Security controls not in Fabro

Fabro is single-tenant software designed for small, trusted teams. The following controls are not implemented — plan your deployment accordingly.
ControlStatus
Multi-tenancyNot supported. Fabro is single-tenant only — there is no organization or tenant isolation.
Roles or ACLsNot supported. All authenticated users have identical, full access to every run, workflow, and API endpoint.
Rate limitingNot implemented. The API server does not throttle requests.
Security headersNot configured. The API does not set Strict-Transport-Security, Content-Security-Policy, X-Frame-Options, or similar headers.

Security recommendations

Network

  • Deploy the web app on a private network. Use a Tailscale tailnet, VPN, or internal network to keep the web UI off the public internet.
  • Deploy the API on a private network. Only allow access from expected hosts (the web app, CI runners, developer machines). The API binds to 127.0.0.1 by default — do not expose it with --host 0.0.0.0 unless it is behind a firewall or private network.
  • Use Daytona sandboxes with network controls. When running untrusted or generated code, use the Daytona sandbox provider with network = "block" or a CIDR-based allow list to restrict agent egress.

Authentication

  • Enable authentication. Fabro supports dev-token and GitHub OAuth. Do not disable auth outside of local development or controlled demos.
  • Configure a username allowlist for GitHub OAuth. [server.auth.github].allowed_usernames should contain the exact GitHub users allowed to log in. An empty list rejects everyone.
  • Configure the session secret used by the web flow. SESSION_SECRET should be provisioned with a strong value on long-lived deployments.
  • Terminate HTTPS or mTLS upstream when needed. Fabro’s listener is plain HTTP/Unix only. If CI, scripts, or a browser must connect over HTTPS, terminate TLS at a reverse proxy or load balancer and keep the Fabro listener on a private network.

Secrets

  • Keep API keys out of sandboxes.

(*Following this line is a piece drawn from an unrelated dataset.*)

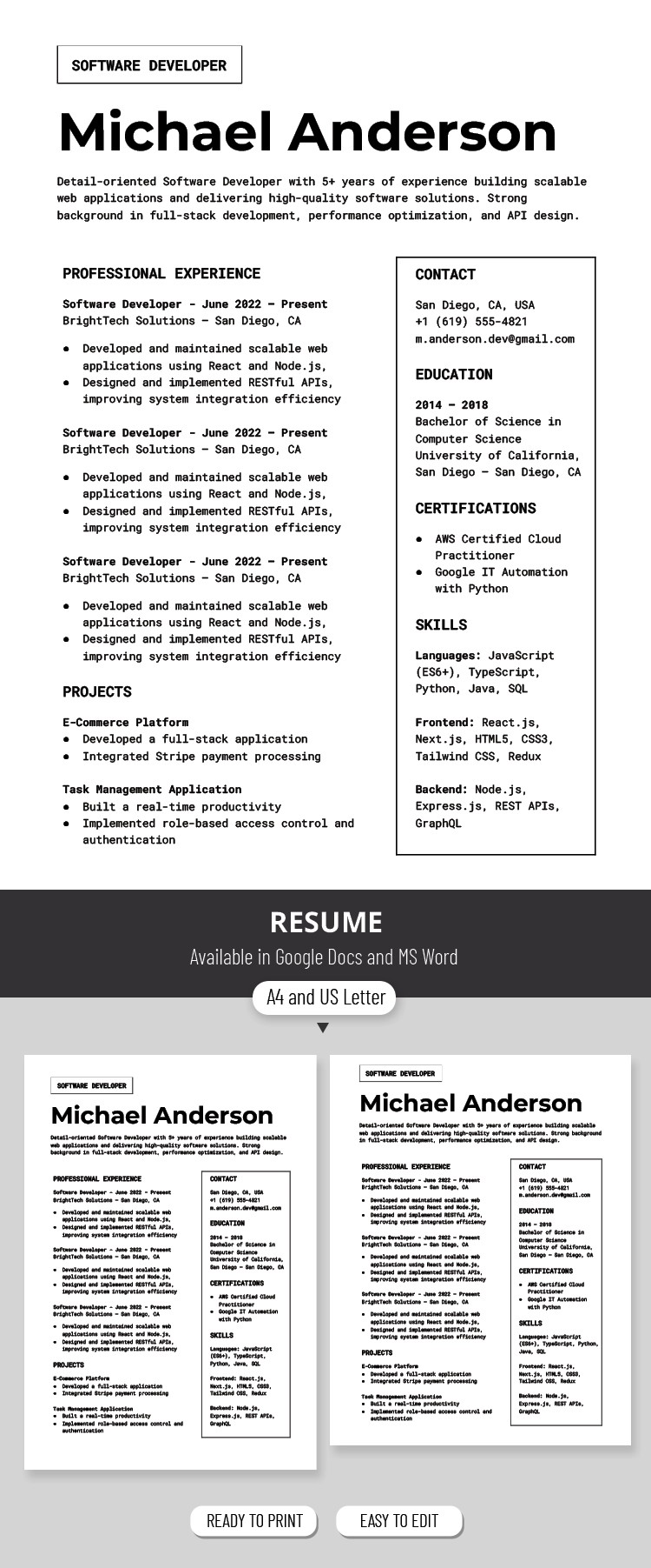 Plantilla de curriculum vitae de Desarrollador de Software para 2026

The local sandbox strips environment variables ending in _API_KEY, _SECRET, _TOKEN, _PASSWORD, or _CREDENTIAL, but Docker and Daytona sandboxes provide stronger isolation — only explicitly configured variables are passed through.
  • Use server-owned secrets or process env vars for credentials. For server-backed workflows, persist credentials with fabro provider login / fabro secret set, which stores them under the server data directory. Do not commit secrets to version control.
  • Rotate the session secret. The SESSION_SECRET environment variable encrypts web app sessions. Rotate it periodically and use a strong random value.

Execution

  • Use Docker or Daytona for untrusted workflows. The local sandbox offers no filesystem or network isolation — agents have the same access as the host. Use docker or daytona when running code you haven’t reviewed.
  • Restrict agent permissions. Use --permissions read-only or --permissions read-write to limit which tools agents can invoke without approval. In non-interactive mode (--auto-approve), tools outside the permission level are denied outright.

Security reporting

If you discover a security vulnerability in Fabro, please report it responsibly:
  1. Email security@fabro.dev with a description of the vulnerability, steps to reproduce, and any relevant details.
  2. Do not disclose the vulnerability publicly until we have had a chance to investigate and release a fix.
  3. We will acknowledge receipt within 48 hours and aim to provide an initial assessment within 5 business days.
  4. We will work with you to understand the issue and coordinate disclosure timing.
We appreciate the security research community’s efforts in helping keep Fabro and its users safe.